D. LA DIFFICILE ADAPTATION AU PRINCIPE DE RENFLOUEMENT INTERNE
1. La mise en application effective du renflouement
Le pilier résolution de l'Union bancaire, tout juste constitué, apparaît déjà fragilisé. L'entrée en vigueur des règles de renflouement, depuis le 1 er janvier 2016, au sein de l'Union bancaire ne se fait, en effet, pas sans difficulté. Le renflouement interne entraîne un transfert des risques supportés jusqu'alors par les États vers les créanciers privés. Il s'agit théoriquement d'un retour vertueux vers une discipline de marché où les investisseurs, conscients de la forte réduction du soutien implicite de l'État, exigeraient une rentabilité supérieure en fonction du profil de risque de la banque émettrice. Mais avant même que la théorie ne rejoigne la réalité, des inquiétudes s'expriment sur le risque de propagation induit par le principe même du renflouement interne. En effet, une part importante des dettes bancaires est détenue par d'autres banques, des fonds de pension, des compagnies d'assurance. Dès lors, une application du renflouement interne serait de nature à faciliter la propagation d'une crise financière à d'autres acteurs. Des doutes s'expriment aussi sur la mise en application effective du renflouement , tant au sein de l'Union bancaire que de l'Union européenne, car elle se heurte à un environnement où les droits de la faillite sont multiples et la hiérarchie des créanciers hétérogène. Une initiative législative de la Commission en la matière est envisagée avant la fin de l'année.

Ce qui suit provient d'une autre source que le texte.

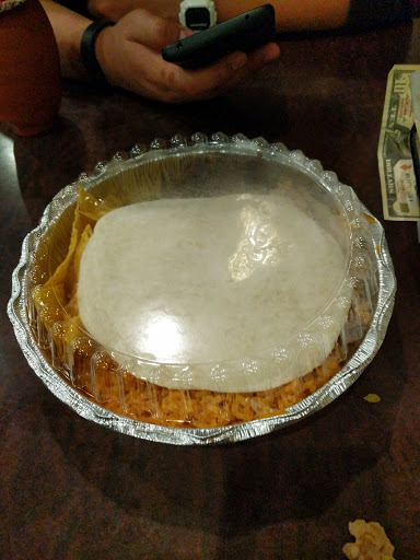 The restaurant is unevenly decorated with scenic wall paintings but spray painted, falling apart ceiling tiles. Also, it has a bar with TVs in same area as the main dining room. The chips and salsa are good. I enjoyed my enchilada and taco, cleaning my plate of the rice and beans included for the dinner.
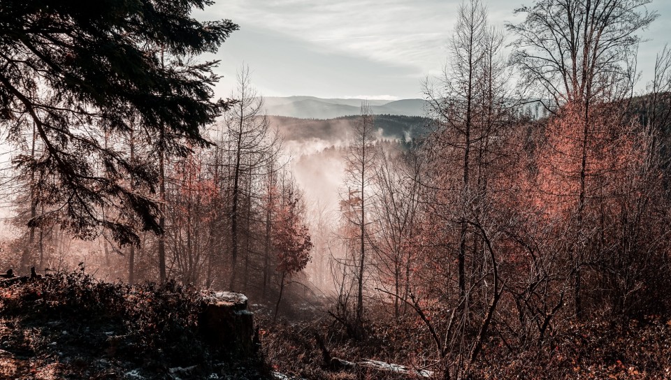 Aerial view of foggy mountain HD Wallpaper - 960x544 PS Vita

2. Les initiatives alternatives au renflouement
Certains États membres ont d'ailleurs préféré anticiper l'entrée en vigueur des règles du renflouement interne en procédant à des opérations préventives de nettoyage de leur secteur bancaire. Cela a été le cas en Italie avec le sauvetage de quatre banques italiennes ( Banca Marche, Banca Etruria, Carif, Carichieti, Banca Tercas ) dont le renflouement des pertes, pourtant limité à des obligations subordonnées, a causé beaucoup d'émotion et de contestation. Cela a été aussi le cas au Portugal, avec la mise en résolution de la BANIF et de Banco Esperito Santo avec, pour cette dernière, un appel en renflouement rétroactif de certains détenteurs de dettes seniors... Depuis l'entrée en vigueur des règles de renflouement européennes, les solutions alternatives au renflouement interne semblent être privilégiées. En janvier 2016, le gouvernement italien a mis en place un dispositif permettant la cession puis la titrisation des créances douteuses des banques italiennes, qui sont estimées à 360 milliards d'euros, vers des structures de défaisance privées bénéficiant partiellement de la garantie de l'État. Plus récemment encore, un fonds d'investissement financé à hauteur de 6 milliards d'euros par les banques et les compagnies d'assurances italiennes doit permettre de venir au soutien du secteur bancaire national. Ces initiatives constituent un signal d'alerte qui laisse présager de difficulté à mettre en place les principes de résolution harmonisés pourtant essentiels à l'ensemble du dispositif de l'Union bancaire.